Alok Tyagi, Hariharan Anantakrishnan, Ivan Porto Carrero and Kirti Laxminarayan
Netflix is known as a network observable sidecar Flow Exporter Which uses the eBPF tracepoint to capture TCP streams in real time. With less than 1% of CPU and memory, for example, this highly functional sidecar provides flow information on a scale for network insights.
The cloud network infrastructure that Netflix uses today includes AWS services such as VPC, DirectConnect, VPC Peering, Transit Gateways, NAT Gateways, etc., and devices owned by Netflix. The Netflix software infrastructure is a large distributed ecosystem consisting of specialized functional levels managed across AWS and Netflix proprietary services. When we try to keep the ecosystem simple, the innate nature of taking advantage of different technologies will lead us to such challenges as:
- App dependency and data flow mapping: As the number of micro-services increases day by day without understanding and visibility between the dependence of an application and the flow of information, it is difficult to identify systemic problems for both the service owner and the central team.
- Path validity: The inability of the service to communicate with other companies may result in the speed of change between the streaming of the Netflix production and the studio environment.
- Service division: Ease of cloud deployment has resulted in the organic growth of multiple AWS accounts, deployment practices, interconnection practices, etc. It is difficult to improve our reliability, security, and capabilities without network visibility.
- Network availability: The expected growing growth of our ecosystem makes it difficult to understand our network barriers and potential limits that we can reach.
Cloud network insights A suite of solutions that provide functional and analytical insights into the cloud network infrastructure to solve identified problems. By collecting, accessing and analyzing network data from various sources such as VPC flow log, ELB access log, EBPF flow log, for example, we can provide network insights to users and central teams through multiple data visualization strategies such as lumens, atlases, etc.
Flow Exporter is a sidecar that uses the EBPF tracepoint to capture TCP flows in near-instances in instances that strengthen the Netflix Microservices architecture.
An EBPF flow log record represents one or more network flows containing TCP / IP statistics that occur at intervals of a variable integration.
The sidecar is implemented using a highly efficient EBPF using carefully selected transport protocols Less than 1% of CPU and memory In any instance in our fleet.

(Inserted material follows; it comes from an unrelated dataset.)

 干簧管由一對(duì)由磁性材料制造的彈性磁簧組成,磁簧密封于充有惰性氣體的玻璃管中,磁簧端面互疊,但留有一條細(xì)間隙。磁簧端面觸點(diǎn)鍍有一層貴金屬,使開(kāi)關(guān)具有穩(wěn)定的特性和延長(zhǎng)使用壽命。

The choice of transport protocols such as GRPC, HTTPS and UDP depends on the feature setting of the runtime.
The runtime behavior of the flow exporter can be managed dynamically by changing the configuration through Fast Properties. Flow Exporter Atlas also reveals various operational metrics. These metrics are visualized using lumens, a self-service dashboarding infrastructure.

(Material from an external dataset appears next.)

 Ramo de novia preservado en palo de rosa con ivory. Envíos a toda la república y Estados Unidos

The flow collector is a regional service that consumes and enriches the flow. IP addresses in the cloud can move over time from an EC2 instance or a Titus container. We use gold to attribute an IP address to a specific application at a specific time. Gold is an IPv6 and IPv4 address identity tracking service.
Flow Collector uses two data streams, IP address change event from Sonar to Kafka and EBPF flow log data from Flow Exporter Sidecar. It performs real-time attribution of flow data, including application metadata from Gold. The characteristic currents are pushed towards the keystones which lead to their hive and druid datastores.
Attributed flow data is driven by various uses within Netflix such as network monitoring and network usage forecasting available through lumen dashboard and machine learning based network segmentation. Data security and other partner teams also use it for insights and incident analysis.
Providing network insights into the cloud network infrastructure using EBPF flow logs on a scale is possible through EBPF and a highly scalable and efficient flow collection pipeline. After several repetitions of the architecture and a few tunes, the solution proved to be able to scale.
We are currently receiving and enriching billions upon billions of EBPF flow logs per hour and providing visibility to our cloud ecosystem. Rich data allows us to analyze networks across different dimensions (such as availability, performance, and security) so that applications can effectively deliver their data payloads through a cloud-based ecosystem spread across the globe.